KPI’s, both lagging and leading, should :

1 – encourage behaviour that is in the best interest of the organization (not just Maintenance),

2 – be easy to measure,

3 – be difficult to manipulate,

4 – be “balanced”

5 – be consistent,

6 – provide enough information to show a trend and

7 – provide information that clarifies the action to be taken if the measurement is not on target.

Expanding on these 7 points:

1 – encourage behaviour that is in the best interest of the organization.

Some leading maintenance KPI’s, especially if they are linked to an incentive programme of any kind, may result in behaviour that you would like to avoid.

A good example is “Adherence to schedule”, which is a measure of the maintenance work that is done in a given period compared to the work that was scheduled to be done.
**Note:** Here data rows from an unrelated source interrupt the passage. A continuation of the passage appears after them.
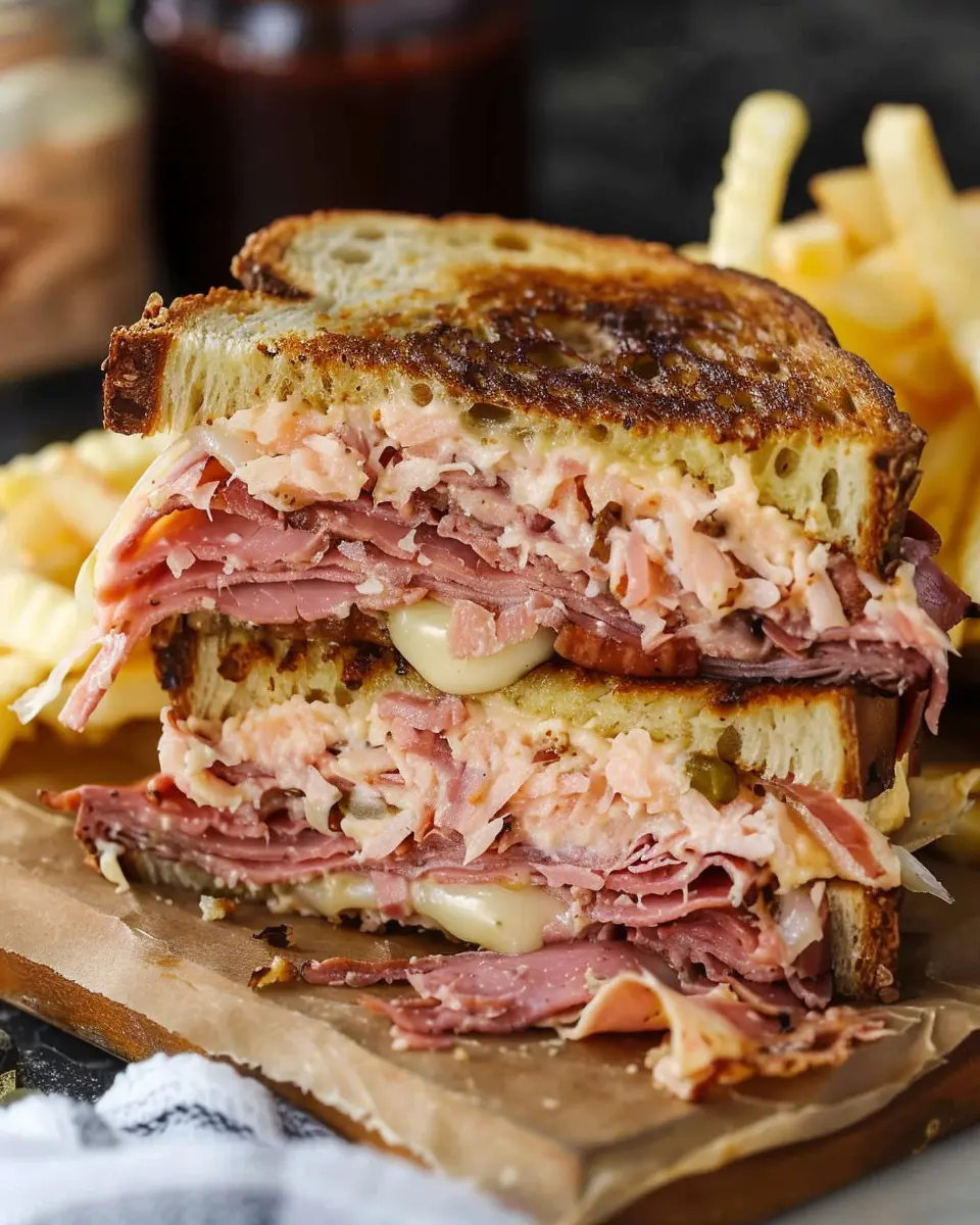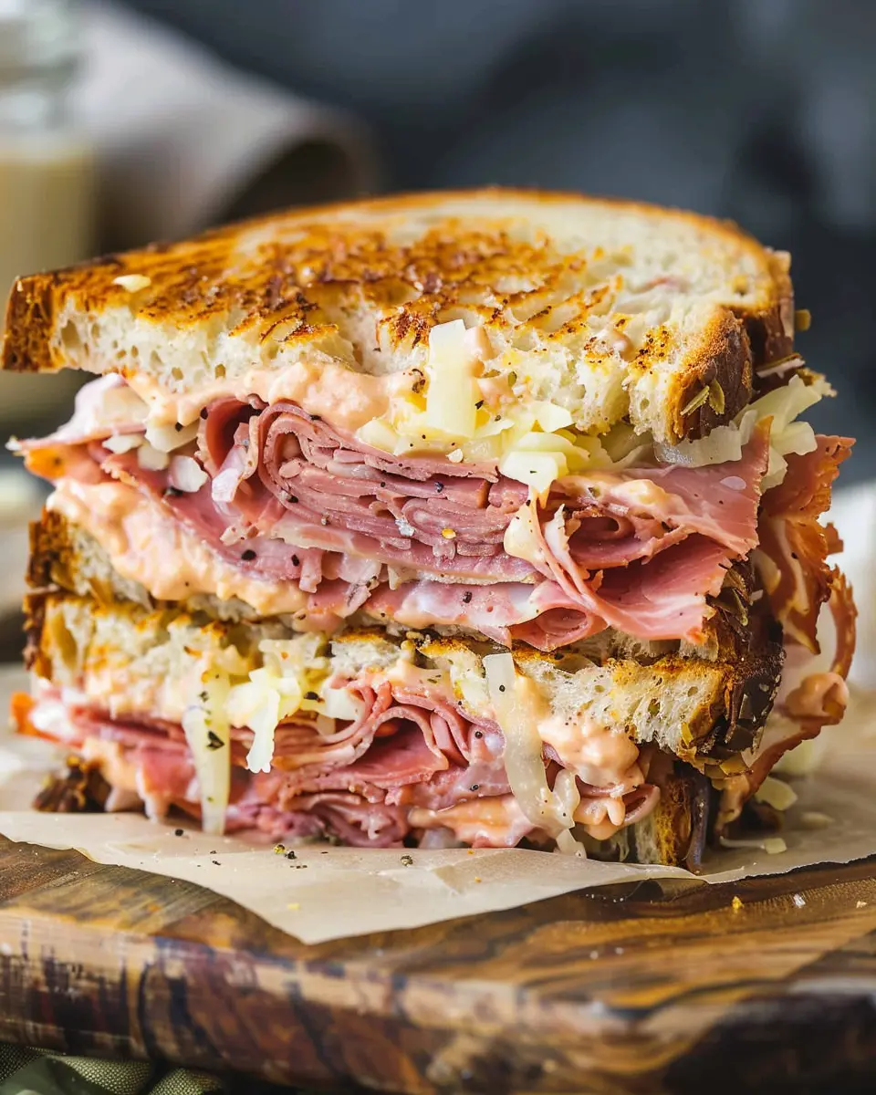 An indulgent take on the classic Reuben sandwich, featuring turkey bacon and chicken ham for a delicious twist.
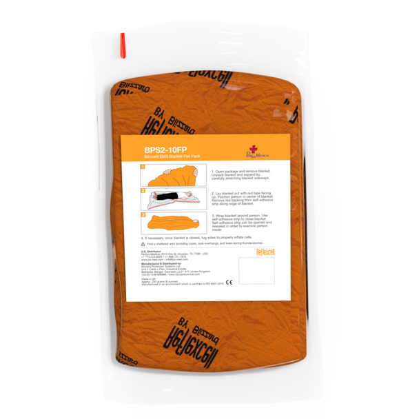 The Safeguard Medical Blizzard EMS Blanket is a high-performance thermal blanket designed specifically for emergency medical services to prevent and treat hypothermia in trauma patients. Utilizing patented Reflexcell™ technology, the blanket offers superior insulation, wind and water resistance, and compact packaging for rapid deployment. The EMS version is designed for quick application in high-pressure environments, such as ambulances, helicopters, and field trauma scenarios.
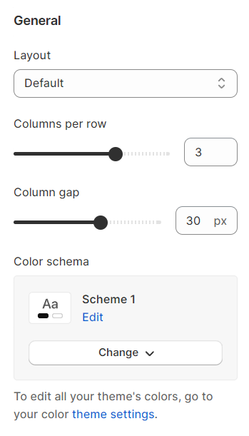 **Columns:** You can specify the number of columns per row and adjust the spacing between them.
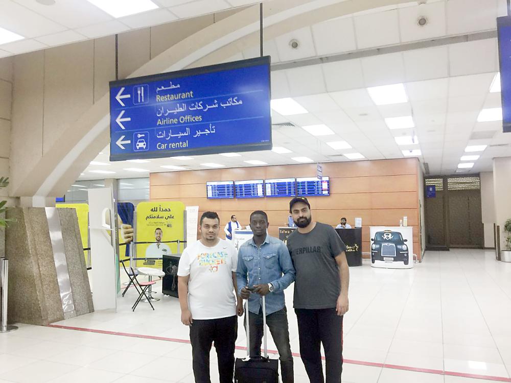 كاينا يتوسط وكيل أعماله صبري والزميل مصباح معتوق في مطار جدة.
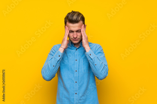 Blonde man over isolated yellow wall with headache
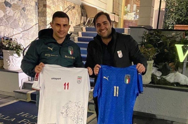 اما اتفاقی که در بازی دوستانه بین ایتالیا و ایران رخ داد جالب توجه و جای تامل دارد.مربی دروازه بان های تیم ملی که نقشی فراتر از یک مربی ساده را دارد و بیشتر به عنوان مترجم در سفرها استفاده می شود بعد از پایان بازی با ایتالیا پیراهن شماره ۱۱ تیم ملی که برتن حمزه کدخدایی بود را با پیراهن بازیکن شماره ۱۱ ایتالیا عوض می کند تا به یادگار نگه دارد.
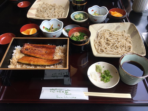 ここではウナギと手打ちそば両方味わえる「花咲御膳」をオーダー。
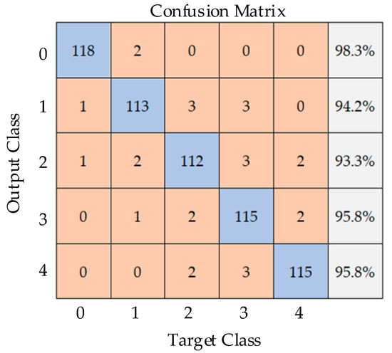 In this study, we collected 3800 fault samples in a single leak and divided them into five groups (i.e., four leaked samples and one nonleaked sample) according to the degree of the leak, as shown in Figure 18. There are 760 samples in each group. Each type has 540 training samples, 100 validation samples and 120 testing samples.

If a lot of emphasis is attached to this measure productivity is guaranteed to drop because the easy way to achieve good adherence to schedule is to under-schedule by over-estimating each work order.

Expecting work to be done exactly to a schedule ignores a basic fact of maintenance, and that is there is hardly a maintenance job done for which the scope and the time it will take is exactly known before it is started. Jobs will nearly always take more or less time than expected. (see “Why is scheduling so difficult“)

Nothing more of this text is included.